From: Daniel Kral <d.kral@proxmox.com>
To: pve-devel@lists.proxmox.com
Subject: [pve-devel] [PATCH ha-manager v2 08/12] handle strict node affinity rules in manual migrations
Date: Tue, 20 Jan 2026 16:27:40 +0100 [thread overview]
Message-ID: <20260120152755.499037-9-d.kral@proxmox.com> (raw)
In-Reply-To: <20260120152755.499037-1-d.kral@proxmox.com>
Do not execute any manual user migration of an HA resource to a target
node, where it is not allowed to be on according to the strict node
affinity rule it is part of.
This prevents users from moving an HA resource, which would be migrated
back to an allowed member node of the strict node affinity rule
immediately after, which just wastes time and resources.
This new information is only redirected to the ha_manager's CLI
stdout/stderr and the HA Manager node's syslog respectively, so other
user-facing endpoints needs to implement this logic as well to give
users adequate feedback why migrations are not executed.
Signed-off-by: Daniel Kral <d.kral@proxmox.com>
Reviewed-by: Fiona Ebner <f.ebner@proxmox.com>
---
changes v1 -> v2: none
src/PVE/API2/HA/Resources.pm | 4 +--
src/PVE/CLI/ha_manager.pm | 14 +++++-----
src/PVE/HA/Helpers.pm | 13 ++++++++-
src/PVE/HA/Manager.pm | 7 +++--
.../test-node-affinity-strict1/log.expect | 16 +----------
.../test-node-affinity-strict2/log.expect | 16 +----------
.../test-node-affinity-strict7/log.expect | 28 ++-----------------
src/test/test-recovery4/log.expect | 2 +-
8 files changed, 31 insertions(+), 69 deletions(-)

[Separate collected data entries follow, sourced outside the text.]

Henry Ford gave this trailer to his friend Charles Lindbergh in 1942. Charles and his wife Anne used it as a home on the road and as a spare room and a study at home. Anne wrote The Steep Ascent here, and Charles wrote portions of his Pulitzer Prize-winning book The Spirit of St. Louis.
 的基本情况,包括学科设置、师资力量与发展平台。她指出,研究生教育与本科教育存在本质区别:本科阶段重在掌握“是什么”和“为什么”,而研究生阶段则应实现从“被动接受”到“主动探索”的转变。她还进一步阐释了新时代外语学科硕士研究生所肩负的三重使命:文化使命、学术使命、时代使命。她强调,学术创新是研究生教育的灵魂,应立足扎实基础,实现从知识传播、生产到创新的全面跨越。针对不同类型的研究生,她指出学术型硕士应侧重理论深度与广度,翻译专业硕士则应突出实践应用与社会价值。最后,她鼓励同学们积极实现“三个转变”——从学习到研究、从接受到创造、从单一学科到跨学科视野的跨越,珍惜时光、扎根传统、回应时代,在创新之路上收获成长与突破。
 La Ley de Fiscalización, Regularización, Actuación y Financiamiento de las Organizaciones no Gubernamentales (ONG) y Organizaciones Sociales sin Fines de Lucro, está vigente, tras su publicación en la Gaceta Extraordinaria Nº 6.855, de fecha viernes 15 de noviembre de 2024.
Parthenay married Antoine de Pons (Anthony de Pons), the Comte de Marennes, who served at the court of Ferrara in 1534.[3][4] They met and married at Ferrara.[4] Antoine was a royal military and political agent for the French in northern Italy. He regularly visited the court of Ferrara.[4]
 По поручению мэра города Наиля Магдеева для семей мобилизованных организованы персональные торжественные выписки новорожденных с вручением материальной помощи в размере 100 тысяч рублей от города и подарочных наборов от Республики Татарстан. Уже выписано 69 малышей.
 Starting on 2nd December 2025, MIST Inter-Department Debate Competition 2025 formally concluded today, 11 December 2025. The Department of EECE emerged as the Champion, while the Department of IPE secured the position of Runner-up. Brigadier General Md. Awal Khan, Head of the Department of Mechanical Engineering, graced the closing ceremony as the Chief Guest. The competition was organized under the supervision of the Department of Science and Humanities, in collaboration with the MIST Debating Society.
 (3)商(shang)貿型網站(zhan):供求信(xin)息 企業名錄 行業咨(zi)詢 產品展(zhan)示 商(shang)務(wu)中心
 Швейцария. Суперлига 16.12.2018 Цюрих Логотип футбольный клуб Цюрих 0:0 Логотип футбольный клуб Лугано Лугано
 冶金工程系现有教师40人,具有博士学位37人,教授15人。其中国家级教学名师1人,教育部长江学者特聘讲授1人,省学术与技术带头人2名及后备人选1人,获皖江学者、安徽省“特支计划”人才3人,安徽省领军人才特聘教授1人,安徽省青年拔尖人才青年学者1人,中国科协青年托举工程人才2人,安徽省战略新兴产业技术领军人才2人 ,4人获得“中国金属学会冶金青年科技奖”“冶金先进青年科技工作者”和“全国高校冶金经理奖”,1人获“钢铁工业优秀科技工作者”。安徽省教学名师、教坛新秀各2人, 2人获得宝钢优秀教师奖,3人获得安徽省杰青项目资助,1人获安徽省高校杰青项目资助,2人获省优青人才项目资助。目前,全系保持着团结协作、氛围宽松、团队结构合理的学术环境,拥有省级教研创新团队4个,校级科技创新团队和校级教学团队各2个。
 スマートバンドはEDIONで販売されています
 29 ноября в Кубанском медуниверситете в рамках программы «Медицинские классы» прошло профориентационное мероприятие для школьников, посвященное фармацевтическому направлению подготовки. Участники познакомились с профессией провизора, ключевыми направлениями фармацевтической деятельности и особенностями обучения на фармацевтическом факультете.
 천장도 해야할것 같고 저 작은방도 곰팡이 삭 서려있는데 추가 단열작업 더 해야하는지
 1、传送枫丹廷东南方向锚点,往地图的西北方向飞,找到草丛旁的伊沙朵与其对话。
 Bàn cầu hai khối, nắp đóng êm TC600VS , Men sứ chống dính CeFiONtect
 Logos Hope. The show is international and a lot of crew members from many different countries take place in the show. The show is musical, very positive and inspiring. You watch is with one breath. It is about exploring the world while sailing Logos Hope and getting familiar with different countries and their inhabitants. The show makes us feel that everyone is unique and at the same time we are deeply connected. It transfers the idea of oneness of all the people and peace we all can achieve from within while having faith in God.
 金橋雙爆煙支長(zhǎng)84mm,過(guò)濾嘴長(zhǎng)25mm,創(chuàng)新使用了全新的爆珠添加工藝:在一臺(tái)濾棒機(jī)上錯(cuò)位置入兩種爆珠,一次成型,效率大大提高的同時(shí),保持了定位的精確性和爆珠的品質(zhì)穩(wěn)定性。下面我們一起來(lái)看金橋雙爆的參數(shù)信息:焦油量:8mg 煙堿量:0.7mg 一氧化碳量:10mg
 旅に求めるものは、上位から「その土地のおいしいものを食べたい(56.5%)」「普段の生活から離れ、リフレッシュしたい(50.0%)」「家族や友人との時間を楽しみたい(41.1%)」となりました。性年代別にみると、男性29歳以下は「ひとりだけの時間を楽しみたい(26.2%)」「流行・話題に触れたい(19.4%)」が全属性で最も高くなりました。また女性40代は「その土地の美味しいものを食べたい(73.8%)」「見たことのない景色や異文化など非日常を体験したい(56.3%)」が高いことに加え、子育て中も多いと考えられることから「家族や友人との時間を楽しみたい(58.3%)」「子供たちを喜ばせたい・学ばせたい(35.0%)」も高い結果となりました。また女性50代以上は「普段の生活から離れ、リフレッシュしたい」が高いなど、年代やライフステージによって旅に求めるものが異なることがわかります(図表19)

diff --git a/src/PVE/API2/HA/Resources.pm b/src/PVE/API2/HA/Resources.pm
index 29181931..b18d4451 100644
--- a/src/PVE/API2/HA/Resources.pm
+++ b/src/PVE/API2/HA/Resources.pm
@@ -383,7 +383,7 @@ __PACKAGE__->register_method({
type => 'string',
description => "The reason why the HA resource is"
. " blocking the migration.",
- enum => ['resource-affinity'],
+ enum => ['node-affinity', 'resource-affinity'],
},
},
},
@@ -485,7 +485,7 @@ __PACKAGE__->register_method({
type => 'string',
description => "The reason why the HA resource is"
. " blocking the relocation.",
- enum => ['resource-affinity'],
+ enum => ['node-affinity', 'resource-affinity'],
},
},
},
diff --git a/src/PVE/CLI/ha_manager.pm b/src/PVE/CLI/ha_manager.pm
index bccb4438..5c6cee02 100644
--- a/src/PVE/CLI/ha_manager.pm
+++ b/src/PVE/CLI/ha_manager.pm
@@ -160,15 +160,15 @@ my $print_resource_motion_output = sub {
my $err_msg = "cannot $cmd resource '$sid' to node '$req_node':\n\n";
for my $blocking_resource (@$blocking_resources) {
- my ($csid, $cause) = $blocking_resource->@{qw(sid cause)};
+ my $cause = $blocking_resource->{cause};
- $err_msg .= "- resource '$csid' on target node '$req_node'";
-
- if ($cause eq 'resource-affinity') {
- $err_msg .= " in negative affinity with resource '$sid'";
+ if ($cause eq 'node-affinity') {
+ $err_msg .= "- resource '$sid' not allowed on target node '$req_node'\n";
+ } elsif ($cause eq 'resource-affinity') {
+ my $csid = $blocking_resource->{sid};
+ $err_msg .= "- resource '$csid' on target node '$req_node'"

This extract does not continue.